EXPERTS battling a rabies epidemic in Bali are warning Australians to brace for the arrival of the disease.

Rabies is island-hopping towards Australia through the Indonesian archipelago and is about 600km north of Darwin on the island of Pulau Larat, where it killed 19 people in 2010.

Helen Scott Orr, a former NSW chief veterinary officer working with the Indonesian government to help eradicate rabies from Bali, said the risk to Australia was increasing as more Indonesian islands fell to the disease.

Rabies has spread to 24 of Indonesia's 33 provinces.

"If it gets into West Papua, it is strongly likely that it will spread slowly and inexorably down through the entire island of Papua New Guinea, in which case it would be extremely close to our borders across the Torres Strait," Dr Scott Orr said.

"We don't know if the threat will be there in one year, in five years, in 10 years, or in 20 years -- it's just a likelihood that the threat will come."

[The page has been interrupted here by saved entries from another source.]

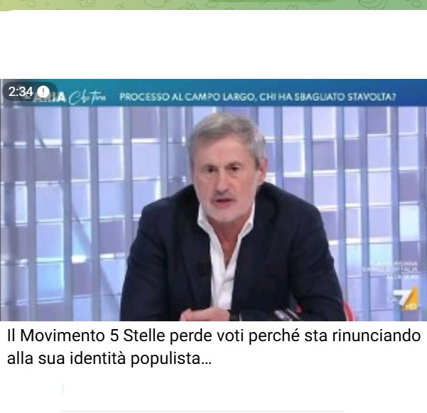 31 ottobre, Alemanno su La7: Il Movimento 5 Stelle perde voti perché sta rinunciando alla sua identità populista.
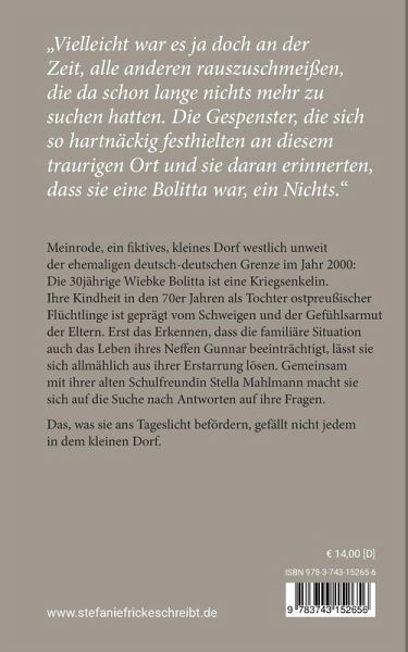 "Vielleicht war es ja doch an der Zeit, alle anderen rauszuschmeißen, die da schon lange nichts mehr zu suchen hatten. Die Gespenster, die sich so hartnäckig festhielten an diesem traurigen Ort und sie daran erinnerten, dass sie eine Bolitta war, ein Nichts."Meinrode, ein fiktives, kleines Dorf westlich unweit der ehemaligen deutsch-deutschen Grenze im Jahr 2000: Die 30jährige Wiebke Bolitta ist eine Kriegsenkelin. Ihre Kindheit in den 70er Jahren als Tochter ostpreußischer Flüchtlinge ist geprägt vom Schweigen und der Gefühlsarmut der Eltern. Erst das Erkennen, dass die familiäre Situation auch das Leben ihres Neffen Gunnar beeinträchtigt, lässt sie sich allmählich aus ihrer Erstarrung lösen. Gemeinsam mit ihrer alten Schulfreundin Stella Mahlmann macht sie sich auf die Suche nach Antworten auf ihre Fragen. Das, was sie ans Tageslicht befördern, gefällt nicht jedem in dem kleinen Dorf.
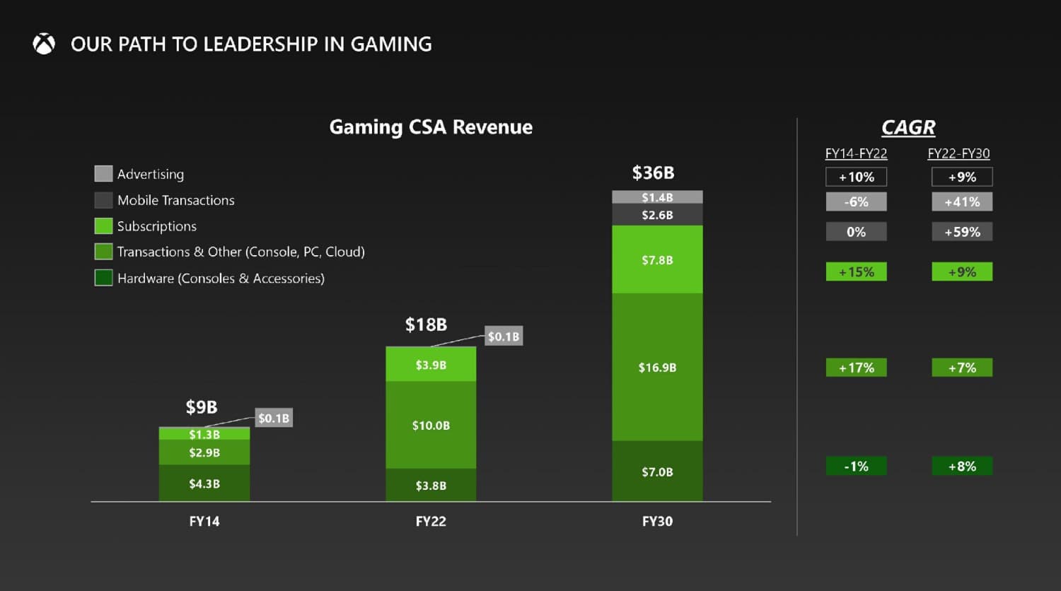 По оценкам Microsoft, к 2030 году стоимость Xbox может составить 36 млрд долларов, что будет обусловлено в первую очередь продажами игр, микротранзакциями и покупками на консоли, ПК и в «облаке». Более того, Microsoft ожидает, что к 2030 году Xbox заработает на транзакциях 16,9 млрд долларов.
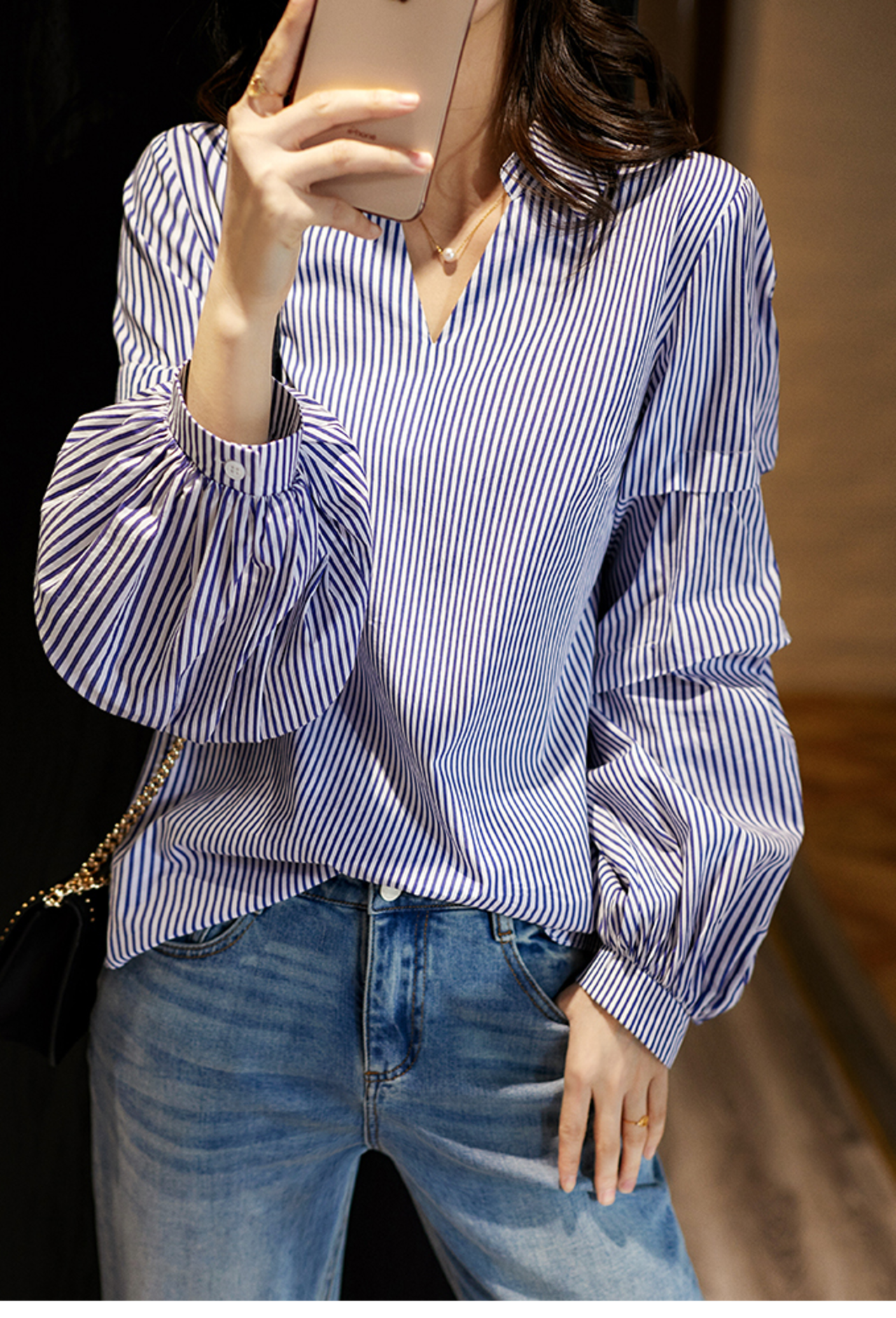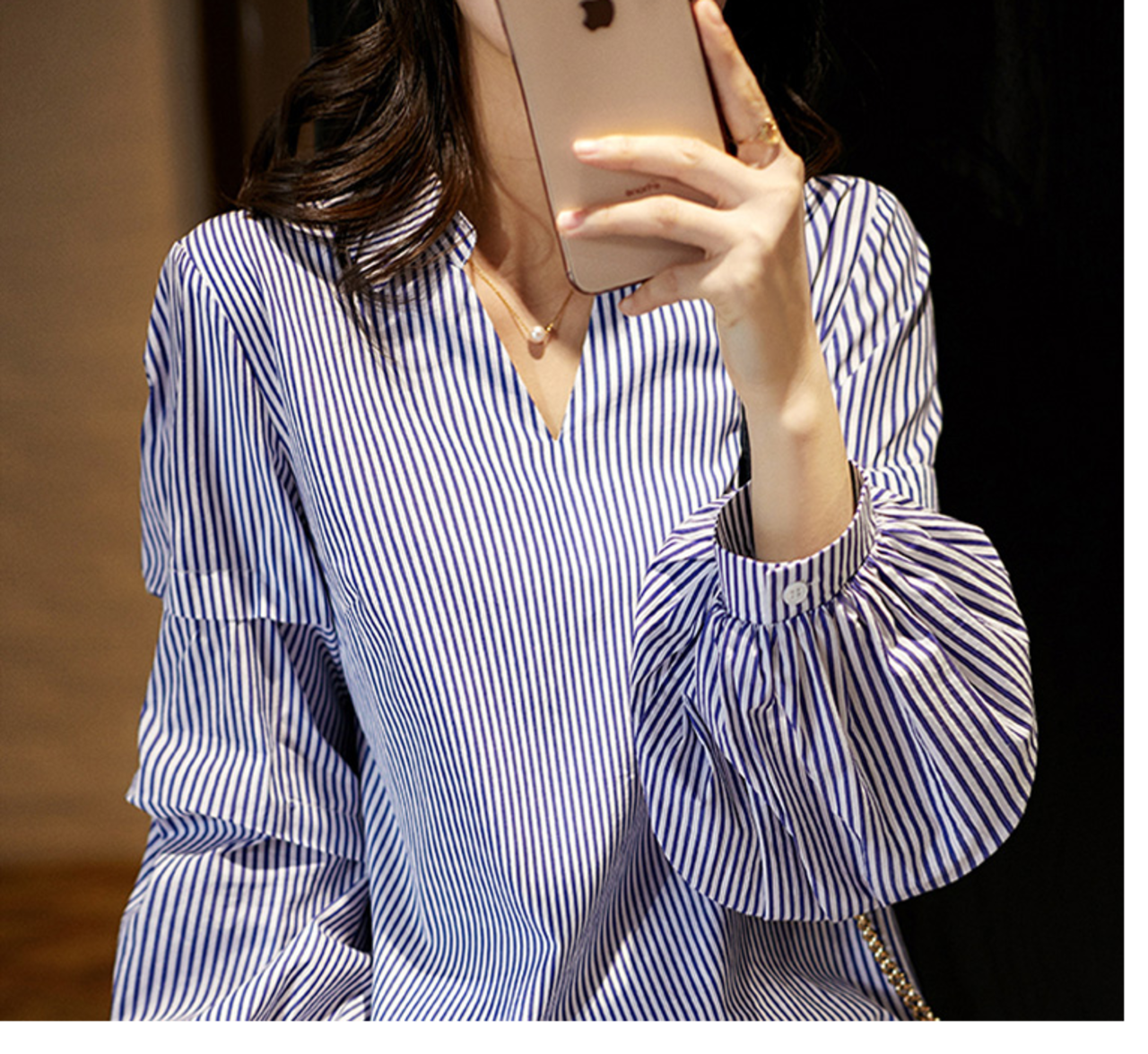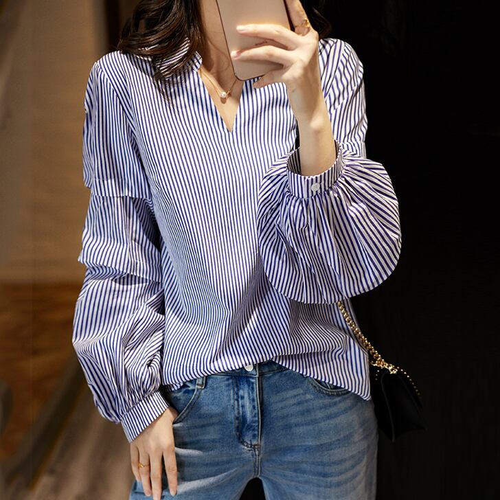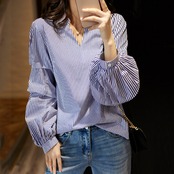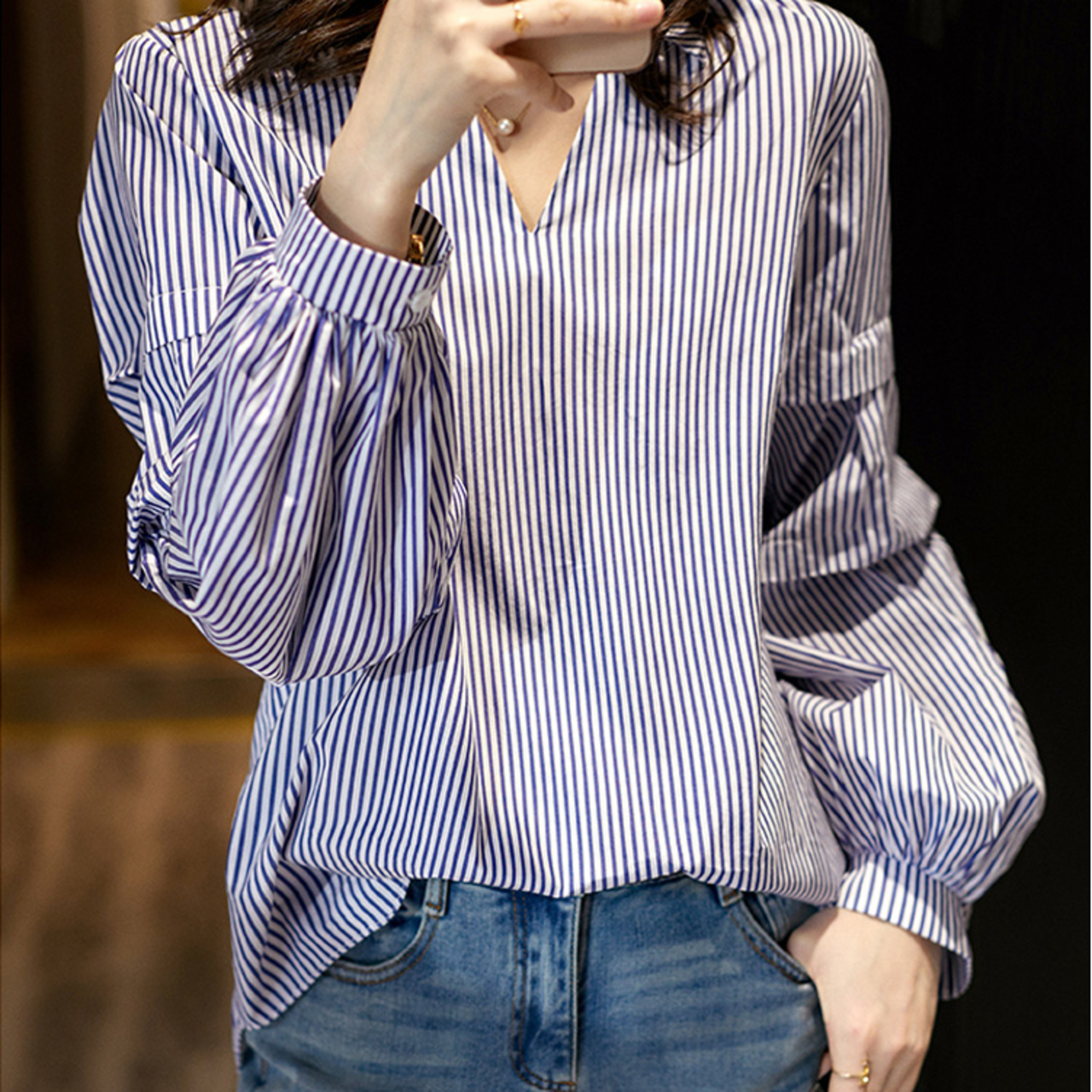 シャツ ブラウス 長袖 スキッパー ランタンスリーブ ストライプ かわいい 大人可愛い きれいめ シンプル カジュアル 大人 上品 おしゃれ レトロ 大人カジュアル 大人女子 こなれ感 キュート クール エレガント 存在感 とろみ感 抜け感 ベーシック 春 秋 冬 レディース ママ OL 通勤 学生 通学 デート お出かけ 公園デビュー 女子会 お泊まり 旅行 リモート会議 着回し 普段使い 美デコルテ デイリー スタイルアップ コーデ 体型カバー きちんと感 日常使い 休日

A spokeswoman for the Department of Agriculture, Fisheries and Forestry -- which oversees the Northern Australia Quarantine Strategy -- said rabies outbreaks on the Indonesian islands of Flores, Bali, Pulau Larat and Ambon had increased the risk of the disease entering Australia.

She said the "most likely potential pathway into remote northern Australia is an illegally imported, infected animal arriving by boat".